Files
alo-cluster/docs/NFS_FAILOVER.md

10 KiB

NFS Services Failover Procedures

This document describes how to fail over the /data/services NFS server between hosts and how to fail back.

Architecture Overview

  • Primary NFS Server: Typically zippy

    • Exports /persist/services via NFS
    • Has local bind mount: /data/services/persist/services (same path as clients)
    • Registers data-services.service.consul in Consul
    • Sets Nomad node meta: storage_role = "primary"
    • Replicates snapshots to standbys every 5 minutes via btrfs send
    • Safety check: Refuses to start if another NFS server is already active in Consul
  • Standby: Typically c1

    • Receives snapshots at /persist/services-standby/services@<timestamp>
    • Can be promoted to NFS server during failover
    • No special Nomad node meta (not primary)
  • Clients: All cluster nodes (c1, c2, c3, zippy)

    • Mount /data/services from data-services.service.consul:/persist/services
    • Automatically connect to whoever is registered in Consul

Nomad Job Constraints

Jobs that need to run on the primary storage node should use:

constraint {
  attribute = "${meta.storage_role}"
  value     = "primary"
}

This is useful for:

  • Database jobs (mysql, postgres, redis) that benefit from local storage
  • Jobs that need guaranteed fast disk I/O

During failover, the storage_role = "primary" meta attribute moves to the new NFS server, and Nomad automatically reschedules constrained jobs to the new primary.

Prerequisites

  • Standby has been receiving snapshots (check: ls /persist/services-standby/services@*)
  • Last successful replication was recent (< 5-10 minutes)

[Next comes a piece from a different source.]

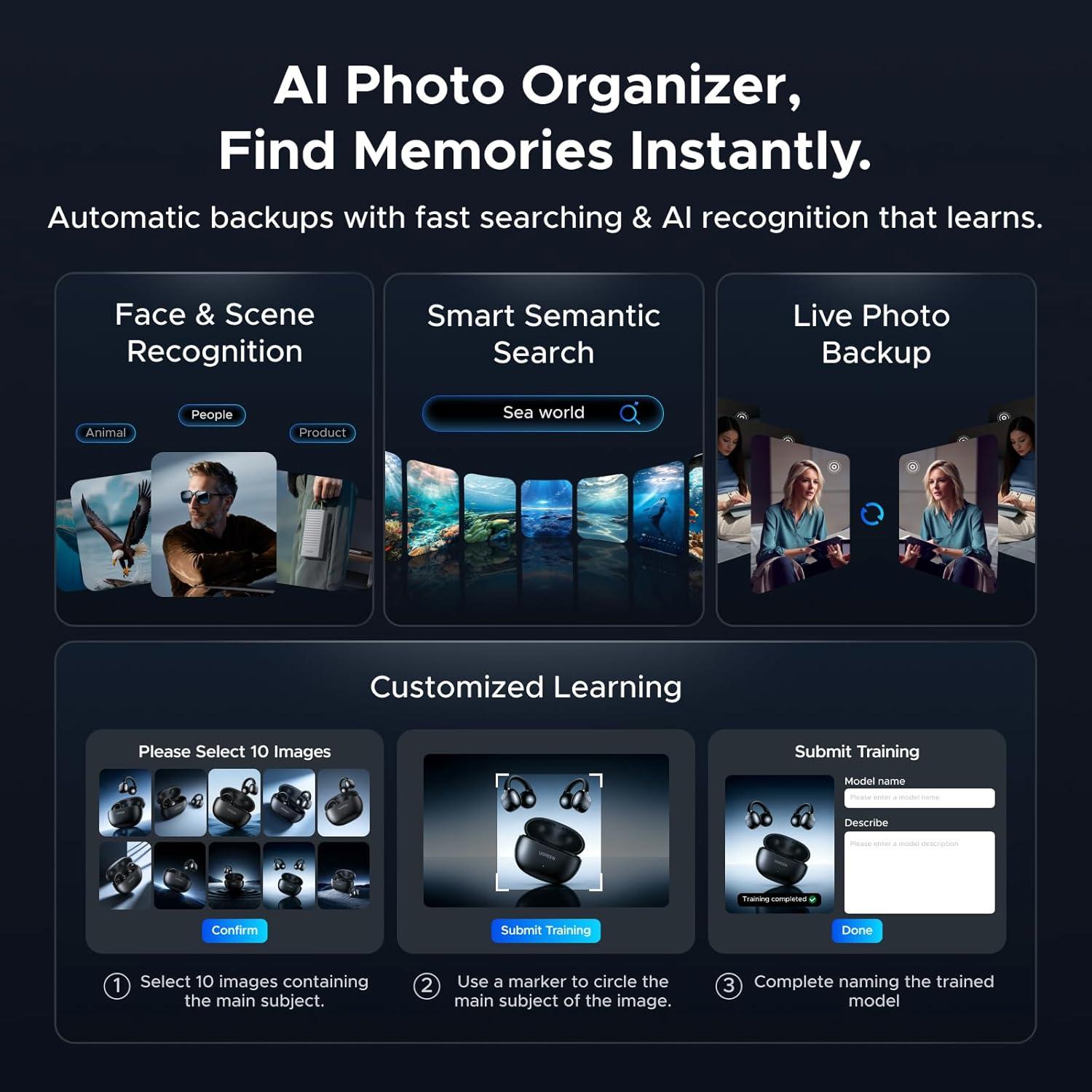 AI-Powered Photo Album: Automatically organizes your photos by recognizing faces, scenes, objects, and locations. It can also instantly remove duplicates, freeing up storage space and saving you time.

Failover: Promoting Standby to Primary

Scenario: zippy is down and you need to promote c1 to be the NFS server.

Step 1: Choose Latest Snapshot

On the standby (c1):

ssh c1
sudo ls -lt /persist/services-standby/services@* | head -5

Find the most recent snapshot. Note the timestamp to estimate data loss (typically < 5 minutes).

Step 2: Promote Snapshot to Read-Write Subvolume

On c1:

# Find the latest snapshot
LATEST=$(sudo ls -t /persist/services-standby/services@* | head -1)

# Create writable subvolume from snapshot
sudo btrfs subvolume snapshot "$LATEST" /persist/services

# Verify
ls -la /persist/services

Step 3: Update NixOS Configuration

Edit your configuration to swap the NFS server role:

In hosts/c1/default.nix:

imports = [
  # ... existing imports ...
  # ../../common/nfs-services-standby.nix  # REMOVE THIS
  ../../common/nfs-services-server.nix     # ADD THIS
];

# Add standbys if desired (optional - can leave empty during emergency)
nfsServicesServer.standbys = [];  # Or ["c2"] to add a new standby

Optional: Prepare zippy config for when it comes back:

In hosts/zippy/default.nix (can do this later too):

imports = [
  # ... existing imports ...
  # ../../common/nfs-services-server.nix   # REMOVE THIS
  ../../common/nfs-services-standby.nix    # ADD THIS
];

# Add the replication key from c1 (get it from c1:/persist/root/.ssh/btrfs-replication.pub)
nfsServicesStandby.replicationKeys = [
  "ssh-ed25519 AAAA... root@c1-replication"
];

Step 4: Deploy Configuration

# From your workstation
deploy -s '.#c1'

# If zippy is still down, updating its config will fail, but that's okay
# You can update it later when it comes back

Step 5: Verify NFS Server is Running

On c1:

sudo systemctl status nfs-server
sudo showmount -e localhost
dig @localhost -p 8600 data-services.service.consul  # Should show c1's IP

Step 6: Verify Clients Can Access

From any node:

df -h | grep services
ls /data/services

The mount should automatically reconnect via Consul DNS.

Step 7: Check Nomad Jobs

nomad job status mysql
nomad job status postgres
# Verify critical services are healthy

# Jobs constrained to ${meta.storage_role} = "primary" will automatically
# reschedule to c1 once it's deployed with the NFS server module

Recovery Time Objective (RTO): ~10-15 minutes Recovery Point Objective (RPO): Last replication interval (5 minutes max)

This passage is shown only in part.